A Defragmentation of the Fragmentation of Content
RSS is bigger than you think.
"RSS is growing faster than social networking," Flitter says. He points to a recent Neilsen study showing the percentage of Internet audiences consuming content through RSS feeds -- even if they don't realize that's what it is called -- has grown tremendously in the past few years. According to a recent Neilsen/NetRatings study, five percent of Internet consumers obtained their Web content through feeds in 2005. Today, between 43 and 56 percent do. "You have to embrace the distribution model," Flitter says. "It is here to stay, and it's growing."
There's going to be economic incentives to offering feeds of your content to subscribers.

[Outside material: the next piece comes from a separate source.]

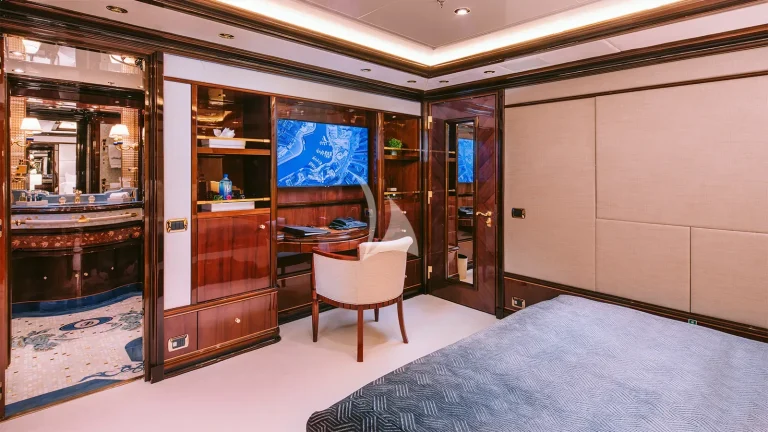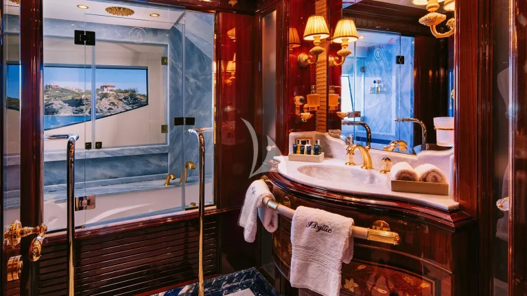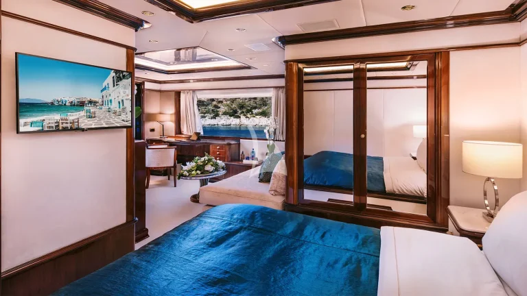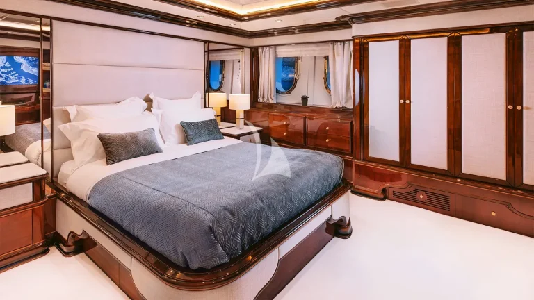 IDYLLIC sleeps 12 guests in six beautifully appointed cabins, including a remarkable split-level full-beam master suite located forward on the main deck. This signature suite offers a private sanctuary with soaring ceilings, panoramic views, a dedicated office space, and direct access to the bow deck, ideal for quiet moments or morning coffee in solitude. A lavish VIP suite on the upper deck features a king-sized bed, private lounge, and dressing room, while the lower deck houses four additional double guest cabins, all with en suite bathrooms, ensuring every guest enjoys privacy and tranquility.

"One simple model is to insert an ad into the stream itself," Flitter says. He says he's currently working with publishing clients to determine how to discover more financially significant ways for offering content to subscribers. That is the challenge that awaits RSS for the coming year, according to Flitter.
"What's the ROI of RSS, and how is it affecting my site traffic?" he says clients are asking now that RSS has become part of their model since being introduced several years ago. "That's where we're going next. We're sitting down and talking to publishers. We're looking into how to use this data to create a bigger impact."
Look at the data collected from your site visitors to help offer more recommendations.
By understanding your consumers, you'll be able to offer more of what they want to entice them to click through to your site. Flitter says publishers are constantly asking: "I have a lot of information about users. How can I use this data for recommendations to help drive users to content deeper into my site?" Dissecting the metadata collected from users is key in personalizing content so that you can provide your user with additional stories in your archives that will interest them, he says.
Your brand is still very powerful.
"The brand carries a lot of weight," Flitter says. "People are still making emotional connections with that brand." Flitter says consumers will seek those trusted names to help in the next phase of content consumption. Favored brands are looked at specifically for what they specialize in. Flitter says it's not odd for someone to have a personal page created from all different media where a subscriber can read New York Times news, Sports Illustrated sports and E! Online entertainment. "Consumers are taking bits and pieces from here and there," Flitter says. "Publishers need to be aware of that."